As published in SocialMediaToday.
Zuora, a dominant player in cloud-based payments systems, presented at last week’s All About the Cloud Conference, hosted by the Software and Information Industry Association (SIIA). The company’s founder and CEO, Tien Tzuo, spoke about the dramatic shift in the way both consumers and companies are doing business. “Today,” Tien explained, “People would rather subscribe to products and services than buy them outright.” products. It’s happening everywhere and is having a dramatic affect on your business.
Zuora calls this “The Subscription Economy.” Instead of single large purchases, the model is built on sustained customer relationships. For companies, the longer and stronger you can build these relationships, the more opportunities you get to first maintain, then increase recurring revenue.
Salesforce.com is a terrific example of this type of consumption. Product performance and customer service are both critical to establishing high customer retention, and that’s why the company religiously focuses on each. But subscriptions aren’t limited to online consumption either. Lots of new retail consumer offerings have appeared in the marketplace. New companies include:
- Lollihop sends out a monthly taste box of healthy snacks, curated for those with an active lifestyle.

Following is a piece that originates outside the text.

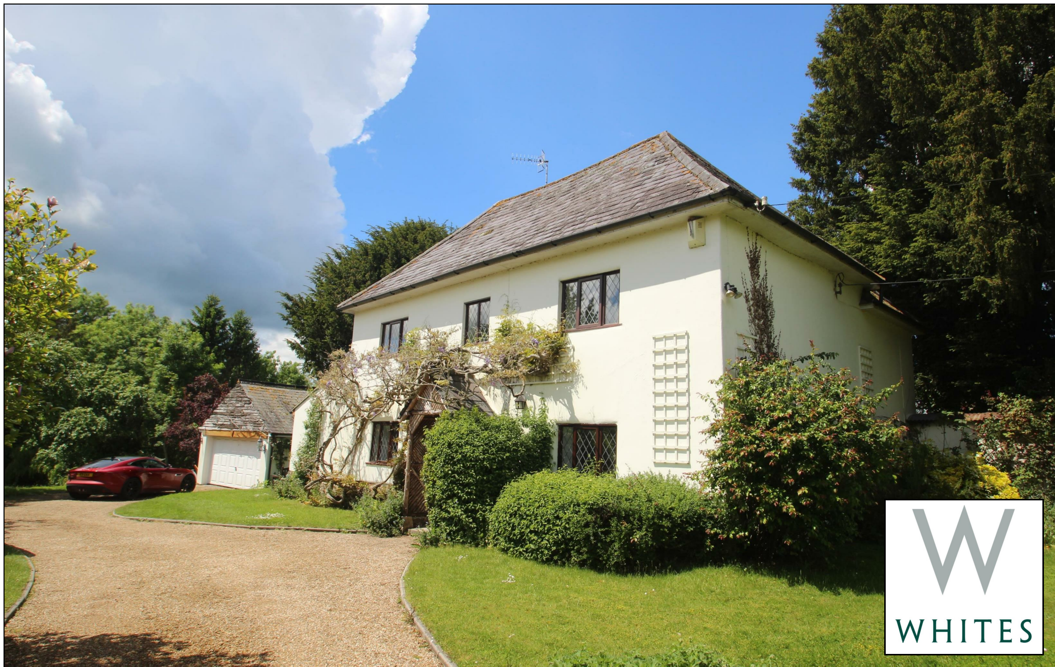
Primrose Cottage, Netton, Salisbury, Wiltshire, SP4 6AW

- Hoseanna lets busy women order a monthly set of pantyhose, intimacy, feminine care, and other health and beauty necessities straight to their door.
- Bluum sends a monthly box containing 4-5 deluxe product samples like organic skin care, lip balm, stretch-mark cream, small toys, snacks and baby wipes to member’s homes for user testing and evaluation.
According to Zuora, however, these subscriptions introduce a new set of challenges for businesses. There’s a new set of rules for success in the Subscription Economy, and the emergence of this new consumption trend necessitates a change in the way businesses log and account for sales.
The subscription business model is built upon future recurring costs and revenues. Whereas the “buy now” economy is SKU-based, the subscription model is plan based. Zuora contends, these ongoing subscriptions require a fundamental shift in accounting for them.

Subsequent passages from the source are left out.